John Tobin, LEED AP 
VP for Operations, EYP

The Segmentation of Building Design

The written history of construction spans several millennia and is a history of escalating segmentation. In the earliest accounts, architects were integral to construction site activities, but gradually, over time, began to drift away from their primary role as craftsmen and towards a role favoring the arts.

The first significant detour away from construction emerged in the Renaissance when architects began to focus on drawing techniques—“disegno”(Spiro Kostof, The Architect, p.134, 1977)—as a way to plan their work, initiating a split between intent and execution, and causing the architecture profession to separate from the trades or crafts.


Figure 3
. Starting in the Renaissance, architects identified their role as more about drawing than building. (Image: © copyright expired – Wikimedia)

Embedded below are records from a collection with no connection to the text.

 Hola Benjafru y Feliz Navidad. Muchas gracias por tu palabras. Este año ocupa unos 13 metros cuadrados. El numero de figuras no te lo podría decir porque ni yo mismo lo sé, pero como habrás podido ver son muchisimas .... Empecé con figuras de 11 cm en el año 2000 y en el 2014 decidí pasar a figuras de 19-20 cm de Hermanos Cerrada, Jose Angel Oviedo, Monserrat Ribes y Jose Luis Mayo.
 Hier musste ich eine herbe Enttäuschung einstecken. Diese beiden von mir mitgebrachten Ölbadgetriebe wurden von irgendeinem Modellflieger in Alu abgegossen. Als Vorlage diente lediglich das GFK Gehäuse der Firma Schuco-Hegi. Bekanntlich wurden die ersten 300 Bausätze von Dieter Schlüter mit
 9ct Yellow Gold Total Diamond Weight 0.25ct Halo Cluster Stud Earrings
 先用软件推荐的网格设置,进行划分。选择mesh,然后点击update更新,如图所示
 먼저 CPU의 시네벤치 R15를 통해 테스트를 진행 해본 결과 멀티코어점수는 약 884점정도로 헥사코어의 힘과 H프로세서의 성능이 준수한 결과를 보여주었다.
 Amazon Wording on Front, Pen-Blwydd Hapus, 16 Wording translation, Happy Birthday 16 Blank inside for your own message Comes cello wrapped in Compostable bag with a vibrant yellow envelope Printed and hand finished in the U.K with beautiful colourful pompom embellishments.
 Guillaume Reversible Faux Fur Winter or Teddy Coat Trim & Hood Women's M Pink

This initial segmentation entered its second phase during the industrial revolution when architects eschewed the emerging fields of technology that were then growing in number.  This second wave of segmentation further fractured building design between architects and engineers.

Segmentation in building design reached epidemic proportions in the early 20th century with the electrification and air-conditioning of buildings.  By the end of the 20th century, there were entire professions in electrical, mechanical, fire protection, data/telcom engineering, all dealing with buildings, but all part of an “alien culture,” according to Reyner Banham’s The Architecture of the Well-tempered Environment:

“Because of this failure of the architecture profession to – almost literally – keep its house in order, it fell to another body of men to assume responsibility for the maintenance of decent environmental conditions: everybody from plumbers to consulting engineers. They represented ‘another culture’, so alien that most architects held it beneath contempt, and still do.”

Reyner Banham, The Architecture of the Well-tempered Environment, p.11, 1969

The net result of the past centuries is a fundamental problem that currently besets the industry today—internal divisions within important design roles that should never have existed in the first place.